Last Updated: Friday - 09/24/2010
Week of July 12, 2004
Columnist bound for Guatemala
Fr. Jacques needs truck to visit isolated villages
A Missionary's Musings
By FR. JACQUES JOHNSON
After four months in Guatemala I'm back in Alberta for a few weeks to put my affairs in order as soon I'll return to Guatemala to begin a new missionary venture after having served as a priest in Alberta for 40 years.
I look forward to this new challenge and I can hardly wait to be there as a member of a team of three Oblates serving 65 villages with headquarters at Chicaman, a community of some 2,000 people in the northern part of the country. I've already spent four months in this Central American country, mostly studying Spanish and getting to know the country and the people I will soon begin to serve.
A friend asked me: "What will you do there? Why a Canadian? Why you?" Good questions. The Oblates are an international missionary congregation serving in about 60 countries worldwide.
Missionaries from various European countries have established the Church over the past few hundred years in all areas of our vast country. For a missionary congregation such as the Oblates, to go abroad and live with the people and die with them is a normal process. It started with Peter and Paul and James and many other disciples of Christ some 2,000 years ago who left home, family and country to bring the Good News of life and salvation to all peoples of the earth.
I've always wanted to go abroad as a missionary. Shortly after my ordination I was asked by our superior general in Rome where I wanted to go. I told him that I'd like to go to Bolivia. He told me that since I come from a country that still requested missionaries from Europe and since I knew French and English I should return home. I was happy to come home where I've served for 40 years. However, I guess that after these many years I've earned the privilege of serving abroad and I'm most happy for it.
"What am I going to do there?" With God's help I will be a brother to the people I'm sent to. I will love them with all my heart and I will give my life in serving them the best I can. I hope to learn much from them. I want to spend a lot of time listening to them, getting to know them and building deep bonds of respect and love. I intend at first not to be their teacher but their student, receiving from them wisdom, knowledge and love. As I know that the people will be Good News to me, I pray I can also be Good News to them by reflecting by my life the love and respect Jesus continues to have for me in spite of my failings.

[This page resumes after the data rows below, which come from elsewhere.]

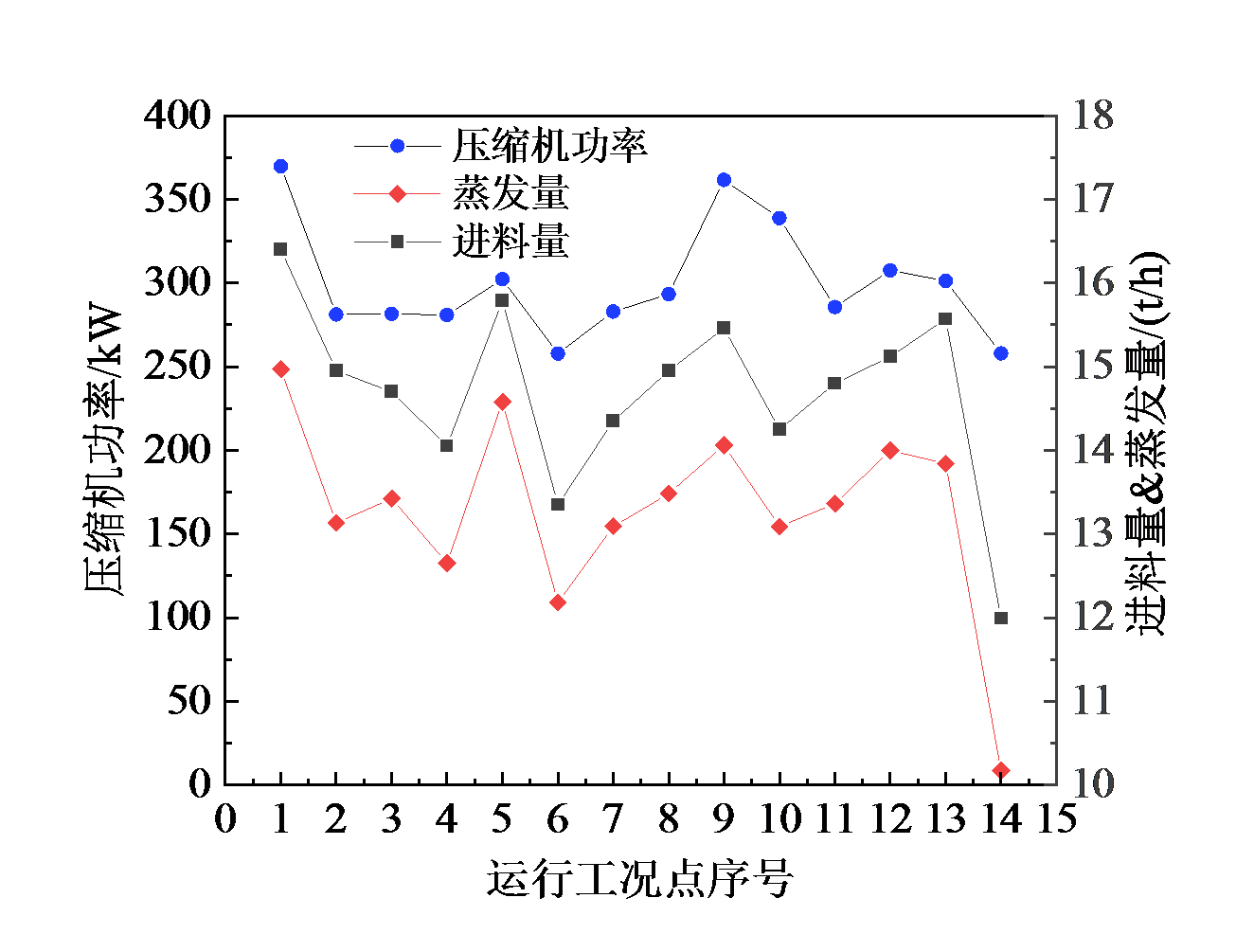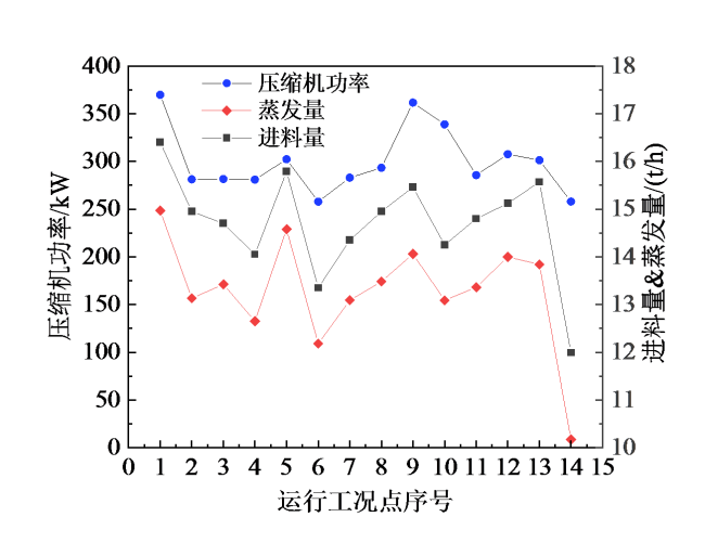 Fig. 5 Schematic diagram of the change of MVR compressor power with feed volume and evaporation volume during actual operation图5 实际运行时压缩机功率随进料量和蒸发量的变化示意图 |
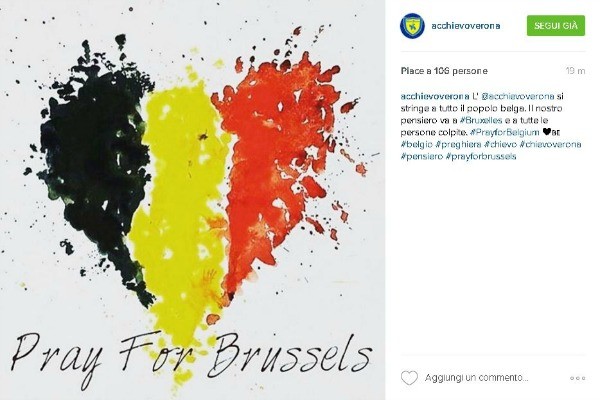 Instagram Chievo Verona: “Pray for Bruxelles” (FOTO)
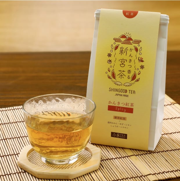 『かんきつ紅茶』は、愛媛県産柑橘とスパイスを紅茶にブレンド。甘やかな柑橘の香りとスパイスのほのかな刺激が重なり、すっきりとした後味が広がるスパイスティーです。心も体もじんわり温まる一杯で、ティータイムを華やかに彩ります。
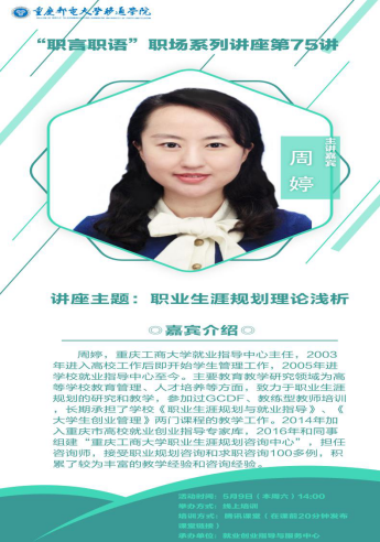 本次活动邀请重庆工商大学就业指导中心周婷主任作为主讲嘉宾。针对我校就业课的教师以及对职业生涯发展课程感兴趣的老师进行的线上理论培训。
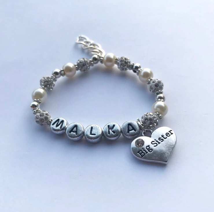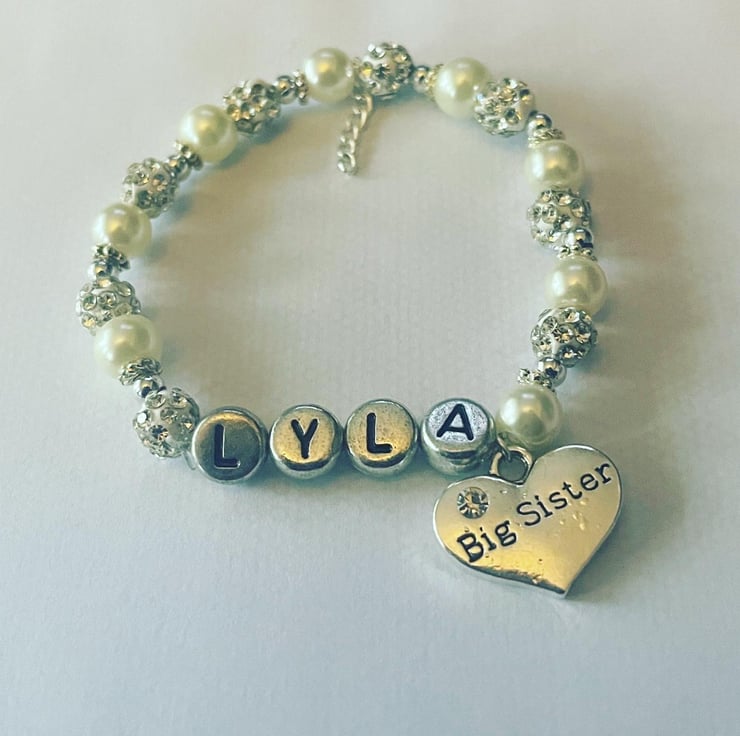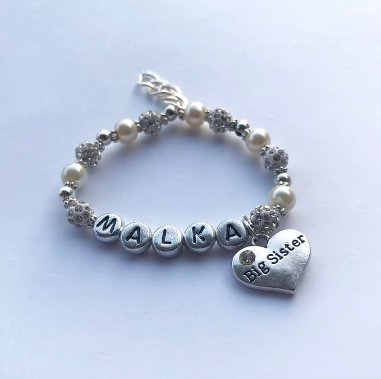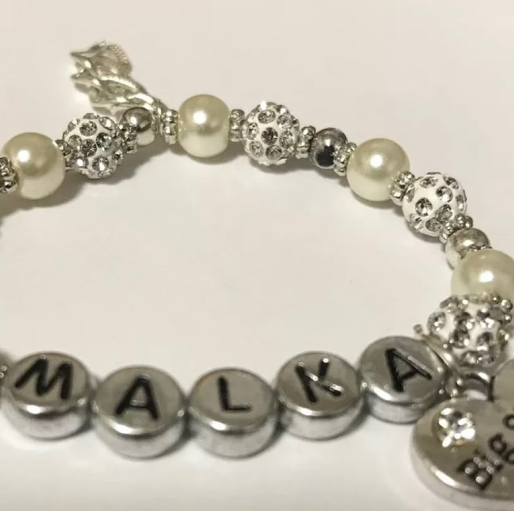 Shamballa and ivory stretch beaded bracelet with personalisation

The people I'm sent to are a people who have experienced great suffering as they saw their own flesh and blood slaughtered savagely, helpless victims of the worst barbarism ever inflicted on an innocent people. I hope to be worthy of their trust and of their love. And as I move on, a living connection persists with another suffering and most gentle, loving people, the Lubicon of northern Alberta that I was blessed to know and to journey with for over two decades. As I visited them last week, I bade them farewell for awhile. They will continue to be in my prayer and part of my life.
The local superior in Guatemala asked me if I'd take care of the community of Chicaman as well as a number of outlying communities. I told him that my preference would be to minister to the far-flung communities that don't have a priest's visit very often. I would like to visit all the homes and listen to people telling their needs and hopes, and how they would see me minister to them. I'm not 100 per cent comfortable with Spanish yet and would prefer taking on smaller communities at first, reaching out to the most distant and harder to reach.
And this brings me to a concrete issue that may concern you, dear reader. To travel on the primitive roads common in that area of the world, one needs a four-wheel drive truck. My two Oblate brothers in Chicaman already have trucks to go to their mission areas. I imagine that I also will be designated some 20 villages to minister to.
I wouldn't mind walking but this would not be a wise use of my time. I'll need wheels that the Oblate delegation in Guatemala cannot afford. How will I secure such a vehicle? With you and with God, everything is possible. I invite you to be our partners in mission.
Should you wish to help us, please send a prayer and a cheque to Missionary Oblates, 21 Meadowview Drive, St. Albert, AB T8N 2R9. The money will follow me in the mission field: you will get a receipt for income tax purposes, my gratitude and that of the people as well as my constant prayer.
And I will get a truck that will bring me to the jungles of Guatemala, bringing the love of Christ expressed by your own love and compassion for the poorest peoples of the Americas.